--- START ---
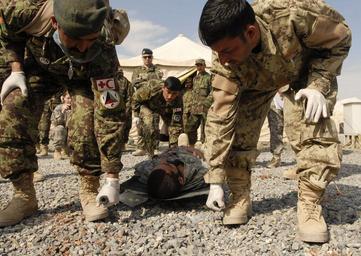 | Keywords: Medic course performs medevac training DVIDS374302.jpg en An Afghan air force airman and Afghan National Civil Order Policeman in their final week of the Medic course at Regional Military Training Center in Kandahar Afghanistan prepare to lift a litter with an injured soldier on it during battlefield scenario The Medic course is an eight week course that covers life saving skills and has members of the Afghan National Army Afghan air force and Afghan National Civil Order of Police 2011-03-05 Petty Officer 2nd Class David Kolmel https //www dvidshub net/image/374302 110305-N-+++++-010 2011-03-07 08 01 KANDAHAR AIRFIELD AF PD-USGov-Military-Navy Kandahar International Airport Images from DoD uploaded by Fæ |
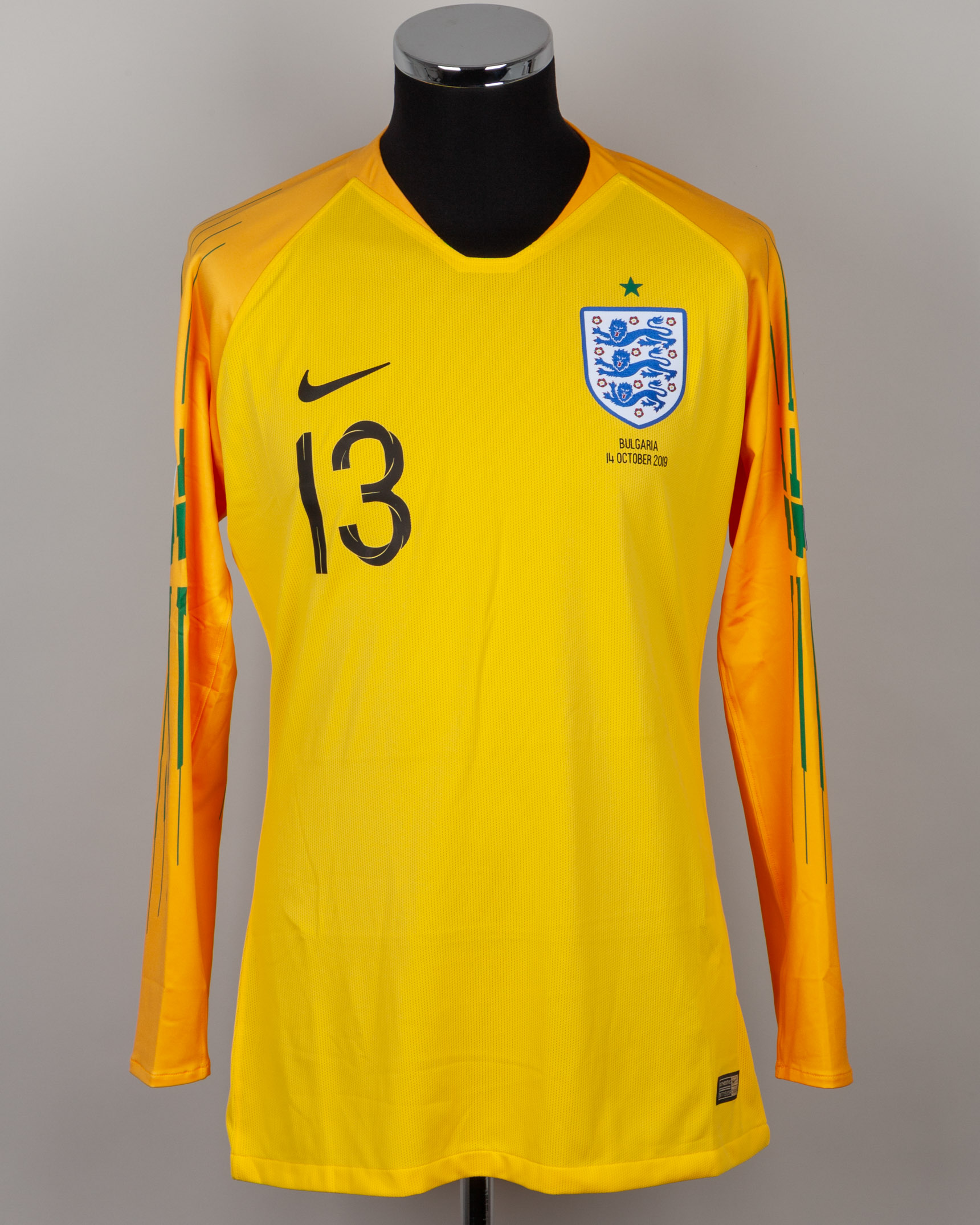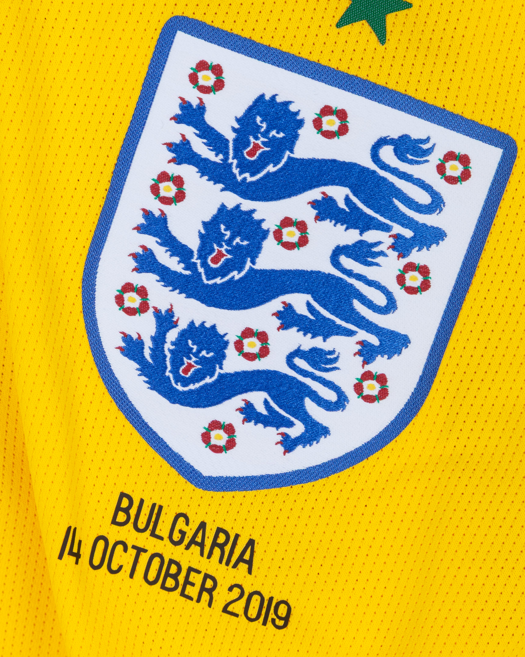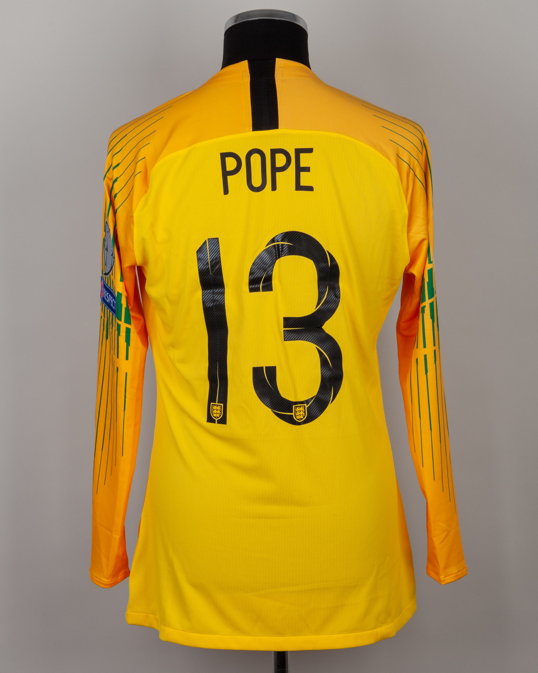 Nick Pope yellow and green No.13 England v. Bulgaria keeper shirt, 2019, Nike, L, with v-neck collar and printed badge, with BULGARIA 14 OCTOBER 2019 decal, the reverse lettered POPE, the right sleeve with Euro 2020 flash and the left sleeve with respect flash
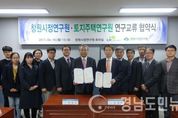 (창원/심지윤 기자) = 창원시정연구원(원장 박양호)과 LH공사 토지주택연구원(원장 손경환)은 10일 오후 창원시정연구원 회의실에서 ‘창원시의 주택·도시재생 및 지역개발 등 관련분야의 상호협력과 우호증진을 위한 업무협약’을 체결했다. 이번 협약은 LH공사 토지주택연구원이 토지·주택 분야의 종합연구기관이자 공기업 부설 연구원으로서 창원시의 토지·주택 사업 및 지역경제 활성화를 위한 공동 연구개발 등과 관련한 업무협력 및 상호교류를 추진해 창원시 발전에 기여하기 위해 마련됐다. 업무협약의 주요 내용은 ▲토지주택 및 도시재생분야 세미나·강연회·학술회의 등의 공동개최 및 협력 ▲연구과제의 개발 및 연구 참여 ▲연구성과 및 출판물의 교환 등과 관련한 사항 등이다. 이에 따라 두 기관은 우선 ‘창원시 주택시장 전망과 정책방향’을 주제로 하반기에 세미나를 공동 개최하기로 했다. 박양호 창원시정연구원장은 “이번 연구협약 체결로 창원시 토지주택 부문 연구의 활성화가 이뤄져 창원맞춤형 주택정책 개발에 기여할 것”이라고 강조하면서 “나아가
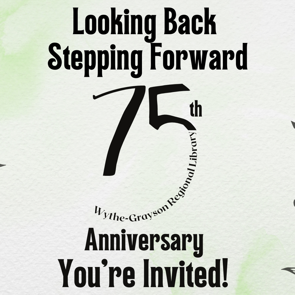 Fries Public Library 316 W. Main Street, Fries, VA, United StatesThe 75th Anniversary of the Wythe-Grayson Regional Library will be celebrated with an open house at the Fries Public Library, August 16, 12-2 p.m. Looking Back, Stepping Forward (Postcard) (Card) (Flyer (Portrait 8.5 × 11 in)) d
--- END ---
§ WHAT IS BEING ASKED
In the listing above, find the line containing "Nick Pope yellow" and the line containing "(창원/심지윤 기자) = 창원시정연구원(원장"; print those lines and every line between them exactly, leaving out pictures.

§ OUTPUT BELOW
 Nick Pope yellow and green No.13 England v. Bulgaria keeper shirt, 2019, Nike, L, with v-neck collar and printed badge, with BULGARIA 14 OCTOBER 2019 decal, the reverse lettered POPE, the right sleeve with Euro 2020 flash and the left sleeve with respect flash
 (창원/심지윤 기자) = 창원시정연구원(원장 박양호)과 LH공사 토지주택연구원(원장 손경환)은 10일 오후 창원시정연구원 회의실에서 ‘창원시의 주택·도시재생 및 지역개발 등 관련분야의 상호협력과 우호증진을 위한 업무협약’을 체결했다. 이번 협약은 LH공사 토지주택연구원이 토지·주택 분야의 종합연구기관이자 공기업 부설 연구원으로서 창원시의 토지·주택 사업 및 지역경제 활성화를 위한 공동 연구개발 등과 관련한 업무협력 및 상호교류를 추진해 창원시 발전에 기여하기 위해 마련됐다. 업무협약의 주요 내용은 ▲토지주택 및 도시재생분야 세미나·강연회·학술회의 등의 공동개최 및 협력 ▲연구과제의 개발 및 연구 참여 ▲연구성과 및 출판물의 교환 등과 관련한 사항 등이다. 이에 따라 두 기관은 우선 ‘창원시 주택시장 전망과 정책방향’을 주제로 하반기에 세미나를 공동 개최하기로 했다. 박양호 창원시정연구원장은 “이번 연구협약 체결로 창원시 토지주택 부문 연구의 활성화가 이뤄져 창원맞춤형 주택정책 개발에 기여할 것”이라고 강조하면서 “나아가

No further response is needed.